8 de marzo de 2010

Soy un producto



Algo se mueve en la vida literaria, que diría Marsé. O tal vez en la literatura. De la mano de la incorporación progresiva de los ebooks a nuestra cotidianidad, una nueva forma de concebir el oficio de la escritura puede estar gestándose. En tanto en cuanto existe un debate, con agoreros y entusiastas, la brecha se ha abierto.

Más allá de que el marketing siempre haya existido como vía de diseminación (la ideas y las historias necesitan ser comunicadas, y dar con el mejor modo de expresarlas a cuanta más gente mejor no sólo es una tentación legítima, sino una obligación de la literatura), lo que sí parece verdaderamente revolucionario es que hoy empieza a proliferar el autobombo, en el mejor sentido del término. El escritor de mañana no va a contar con el respaldo editorial con el que se pertrechan los autores consagrados de ayer y de hoy. La red permite, y casi empuja, a cada usuario a generar su propia marca. Facebook no es otra cosa que un escaparate donde cada cual vende una imagen de sí tal como se concibe. Proyectas un personaje que se llama como tú pero al que atribuyes aspiraciones superficiales más que cualidades y sensaciones profundas. Del mismo modo se desenvuelve un creador 2.0, que no se limita a escribir las contraportadas de sus libros, sino que construye un holograma virtual para hacerse visible en el ciberespacio. Y vive condenado a revisar lo que el ágora cuchichea sobre él.

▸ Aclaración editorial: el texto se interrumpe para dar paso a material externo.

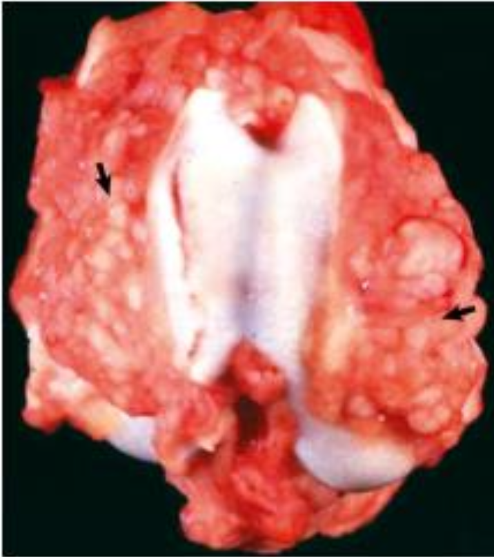 steroid responsive meningitis/arteritis, neoplasia, or SLE (systemic lupus erythematosus)

La cultura (y el periodismo, por cierto), se encamina hacia la producción individual. Lo que gana fuerza es la asociación estratégica, el establecimiento de redes cooperativas que haga de la producción de contenidos culturales e informativos un negocio más fundamentado en la flexibilidad que en el derroche. Las grandes redacciones, las editoriales o las casas discográficas hipertróficas son mamuts condenados a la extinción. Antes se triunfaba por aplastamiento del competidor: la lógica del mercado obligaba a devorar adversarios para engordar al monstruo. Nunca más. A partir de ahora gana quien mejor se mueva, quien sepa surfear por la red con mayor destreza.

Por eso creo que se confunden quienes vaticinan la muerte del crítico. En un universo donde los flujos de información circulan torrencialmente y en todas las direcciones, la labor de desbroce, la tarea de hallar el grano entre tanta paja, se avizora más pertinente que nunca. El vicario 2.0 tendrá que adaptarse también a este nuevo universo. Para ponderar, clasificar y recomendar toda esta nueva producción cultural habrá que formar críticos avezados en las nuevas fórmulas. Y, por supuesto, la literatura también deberá estar a la altura. Un libro (en el formato que sea) podrá venderse mucho y ganar mucha publicidad. Pero la exigencia permanecerá: si es malo, habrá que seguir diciendo que lo es. Y argumentándolo. Y entonces, quien sepa juzgar, entenderá.